4.04.2011

Chained to the Kitchen

I feel like I spent the weekend cooking, doing dishes and folding laundry {all while watching General Conference, of course}. I ground some wheat and made four more loaves of bread, two batches of Orange Olive Oil cake, no-bake cookies with almond butter, and crepes.

All that effort, and two of my boys still refused to eat dinner last night or breakfast this morning. They'd live off of cereal if they could. Drives. Me. Nuts.

Wanna make some bread? I use this recipe:

Combine:
3 Tbs yeast and 1 cup lukewarm water. Set aside.

4 cups of milk {I make mine using dry milk and VERY HOT water}

Add:
1 cup honey
5 tsp salt
1/2 c oil
the yeast mixture
7 cups of flour

Mix well. Add another 7 cups of flour, one cup at a time. Let rise until doubled in size. Punch down, divide into 4 loaves, and bake at 350 for 40 minutes. Serve with butter and homemade jam.

{images from West Elm}

9 comments:

The Dragonfly said...

Do you use a mixer (Kitchen Aid or Bosch) or do it all by hand? I'm not sure my Bosch could hold all that flour! But it sounds delish.

MelancholySmile said...

I use a Bosch and it works beautifully. The recipe also makes great crescent rolls.

Hannah Q. Parris said...

Thanks so much for sharing the recipe! I make a lot of pita bread, pizza dough, and other bready items, but haven't found a loaf recipe that I love. Can't wait to try it!

Janae said...

Way to go on the cooking--I hear you on never pleasing everyone in the family. Do you use all whole wheat or half and half? Does the bread seem dense?

MelancholySmile said...

I like it best when it's half and half, but lately I've been saving the white flour for cakes and stuff, so the bread is 100% whole wheat. It's not too dense-- I use hard white wheat instead of red wheat.

Hannah Q. Parris said...

You inspired me to have a baking day. I made two loaves of your bread with half whole wheat and half bread flour - delicious! And I tried the orange olive oil cake, too, since I have orange trees in the backyard. My husband and I can't stop eating it. Then I finished up the kitchen day with homemade pasta and spinach-edamame pesto. Thanks for the food inspiration & recipes!

The Starter House said...

hey! does... oh no i forgot what you call him on your blog...uhm...does your littlest one eat this bread? there is honey in it...does that matter? i'd really like to make your recipe because sbug says you would probably have the tried and true, one and only best bread recipe ever. he recalls you lived off of bread and you were always experimenting with bread to find the best recipe...

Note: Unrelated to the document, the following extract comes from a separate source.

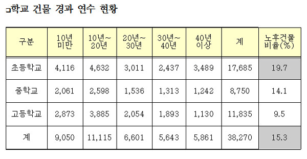 국회 교육문화체육관광위원회 소속 박인숙 의원(새누리당·송파구갑)이 교육부로부터 제출받은 자료에 따르면 전체 초등학교 건물 1만 7685동 중 3489동의 건물이 40년 이상 노후건물로 밝혀졌다. 이는 전체 초등학교 건물의 19.7%에 해당되는 수치다. 초·중·고등학교 건물 전체를 봐도 3만 8270개동 중 15.3%인 5861개동이 40년 이상된 노후건물이었다.
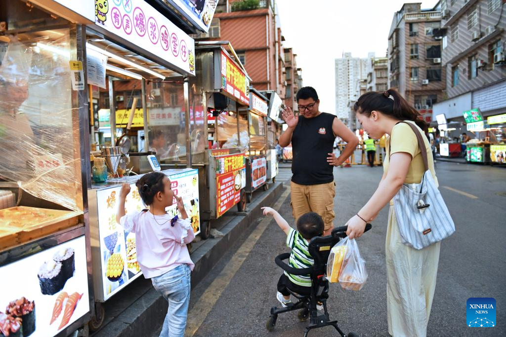 Zhang Yongsheng (C) greets a hearing-impaired child, a classmate of his daughter Zhang Yuhan (L) of a hearing rehabilitation center, at Sifangping night market in Changsha, central China's Hunan Province, May 15, 2024. (Xinhua/Chen Zhenhai)

i'm just worried about the honey...should i be? does cooking it kill possible honeybee bacteria that we are so worried about?

Ahhh botulism!

okay... just curious if you feed it to the baby...

MelancholySmile said...

Oops! I gave Baby R a piece of the bread this morning-- totally forgot about the honey.

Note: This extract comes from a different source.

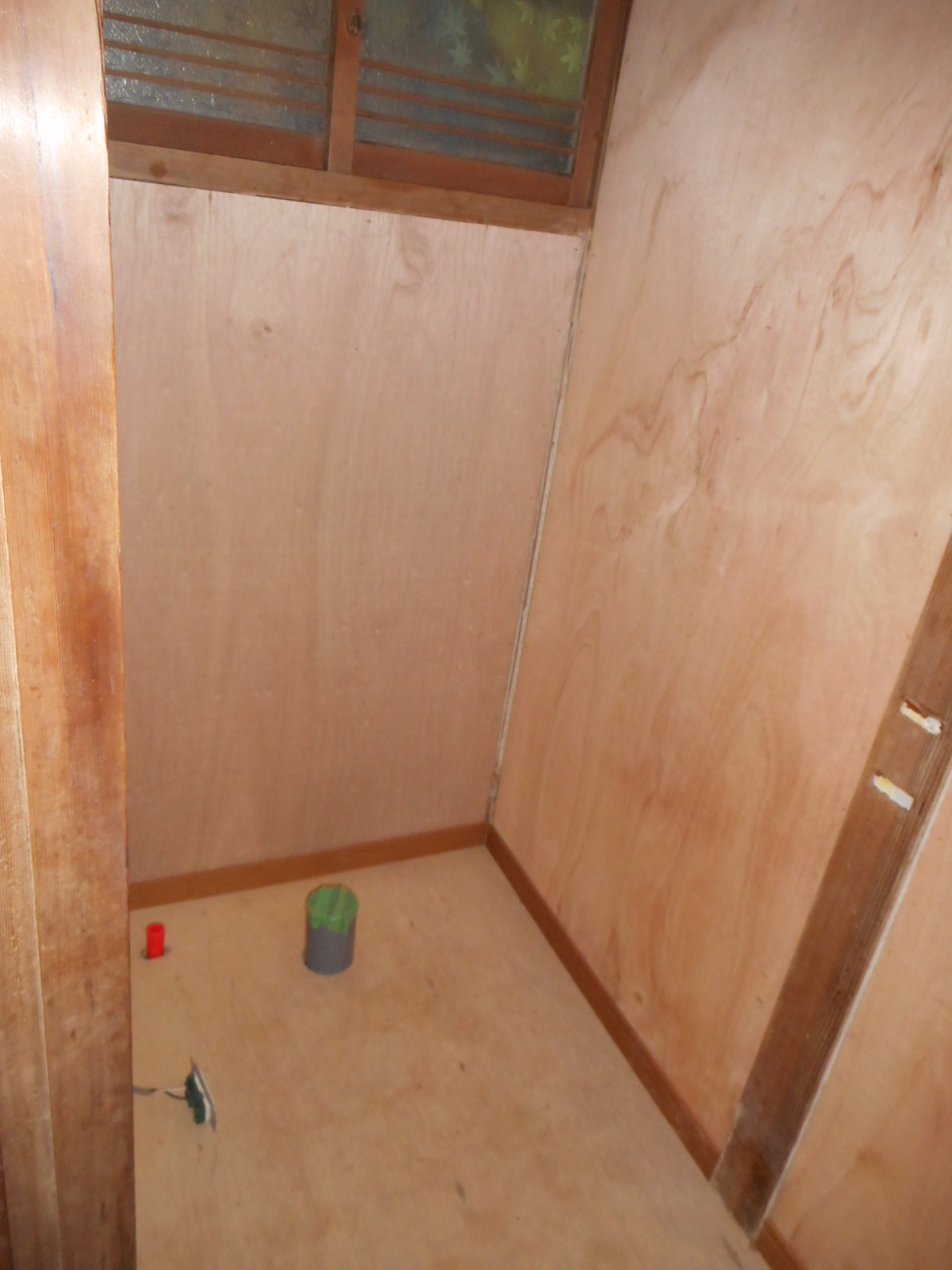 | コンパネを施工するための、下地づくりをします!! | 下地づくり後、クロス下地のコンパネを施工しました!! |

Normally, no, I don't give him anything with honey, even if it's cooked, boiled or baked-- including Honey Nut Cheerios. Apparently, botulism spores are really hard to kill.

You could substitute sugar in the meantime, or just keep the delicious home-cooked bread to yourself until he's a year old. :)

Nicole said...

I read the ingredients once and it seems that most "honey nut" cheerios actually don't have honey or nuts, just flavoring:). Lucky for us because our baby loves them! Though the unsweetened version is probably much healthier!